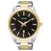 Mens Quartz Two-Tone Stainless Steel Watch Black Dial
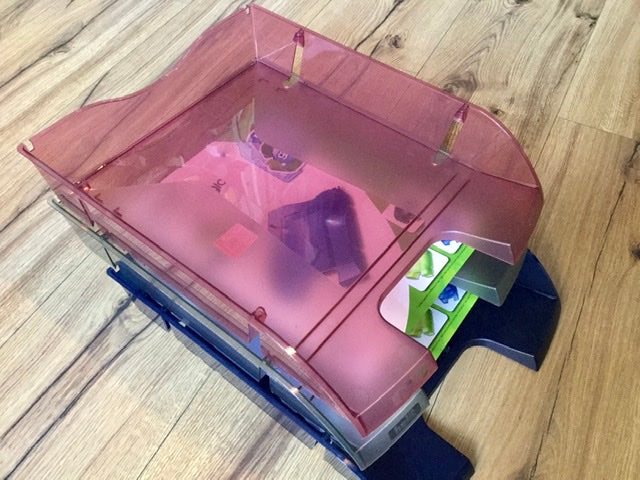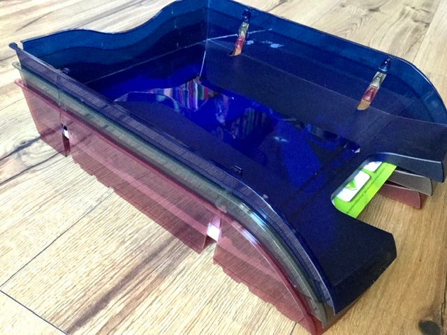 - in drei transluzenten Farben erhältlich (die Ablage in rot gibt es demnächst nicht mehr)
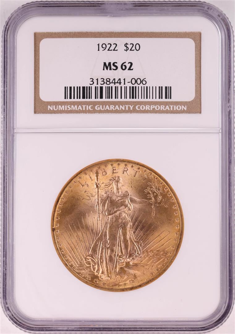 One 1922 $20 St. Gaudens Double Eagle Gold Coin NGC MS62. NGC Certified.
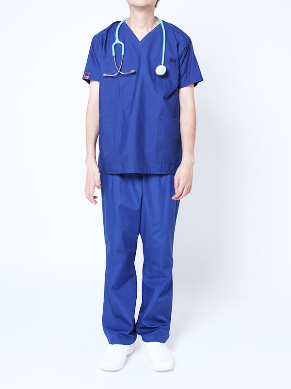 ブルーの医療着シャツ(パンツ付き)と補聴器の手術着コーディネート例です。

PROMPT: From the line that contains "One 1922 $20" down to the last line of the material above, every line must be repeated exactly, with pictures removed and both end lines included.

REPLY TO THE TASK:
 One 1922 $20 St. Gaudens Double Eagle Gold Coin NGC MS62. NGC Certified.
 ブルーの医療着シャツ(パンツ付き)と補聴器の手術着コーディネート例です。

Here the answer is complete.